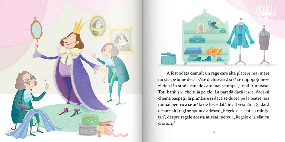 Mult îndrăgita poveste a lui H. C. Andersen, Veșmântul cel gol al regelui, în traducerea deosebită a lui Alexandru Cosmescu Sr., cu o ilustrație inedită semnată de Victoria Rață.
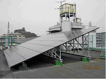 設置場所は屋上(面積100 m2 加重2.5 t〜3 t)です。また、災害時の非常用電源としても活用されます。
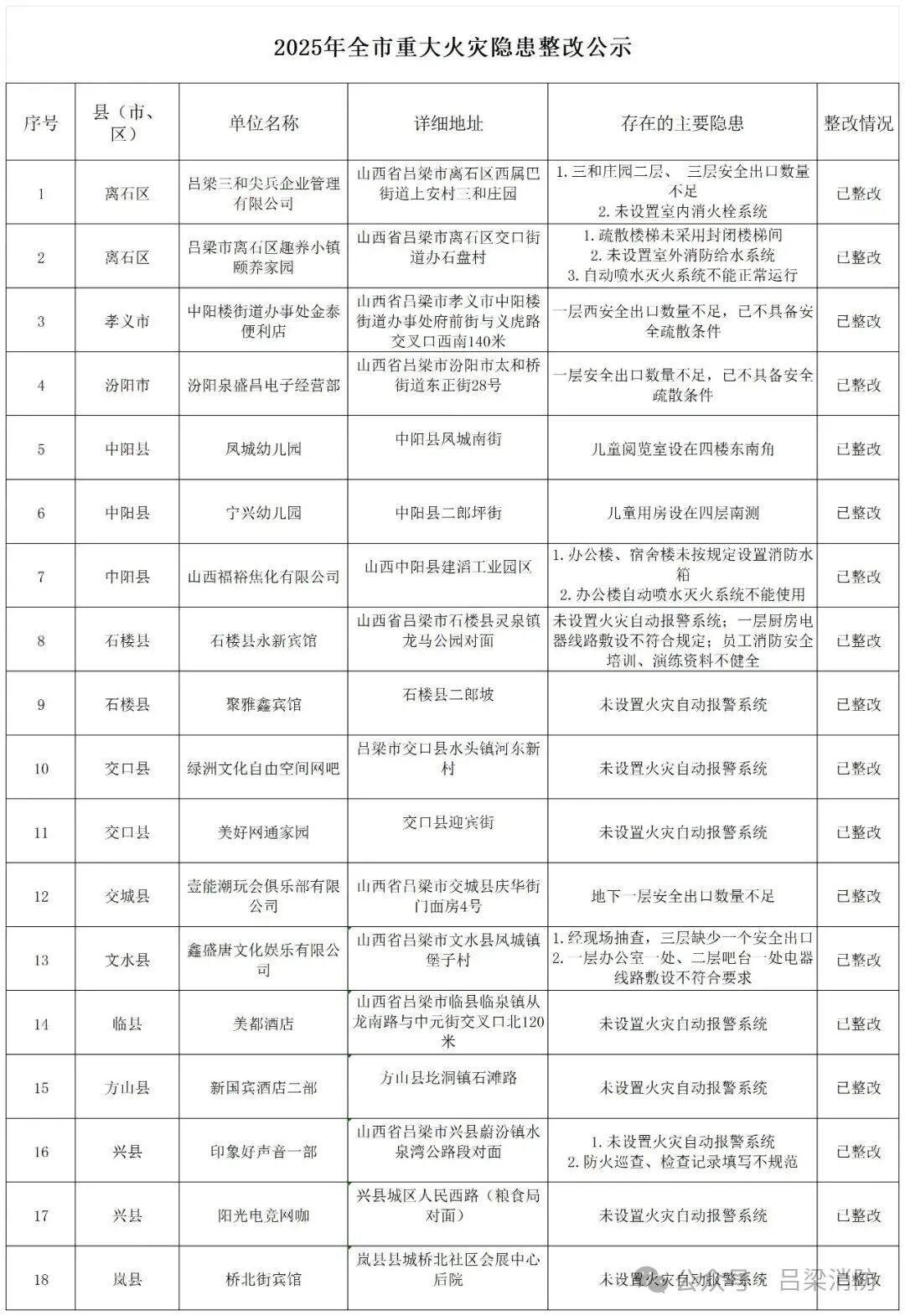 为进一步推动火灾隐患整改,维护消防安全形势稳定,吕梁市消防救援支队对2025年重大火灾隐患单位整改情况进行公示。

TO DO. Print the listing again exactly as it appears, except for the pictures, which stay out.

SOLUTION.
 Mult îndrăgita poveste a lui H. C. Andersen, Veșmântul cel gol al regelui, în traducerea deosebită a lui Alexandru Cosmescu Sr., cu o ilustrație inedită semnată de Victoria Rață.
 設置場所は屋上(面積100 m2 加重2.5 t〜3 t)です。また、災害時の非常用電源としても活用されます。
 为进一步推动火灾隐患整改,维护消防安全形势稳定,吕梁市消防救援支队对2025年重大火灾隐患单位整改情况进行公示。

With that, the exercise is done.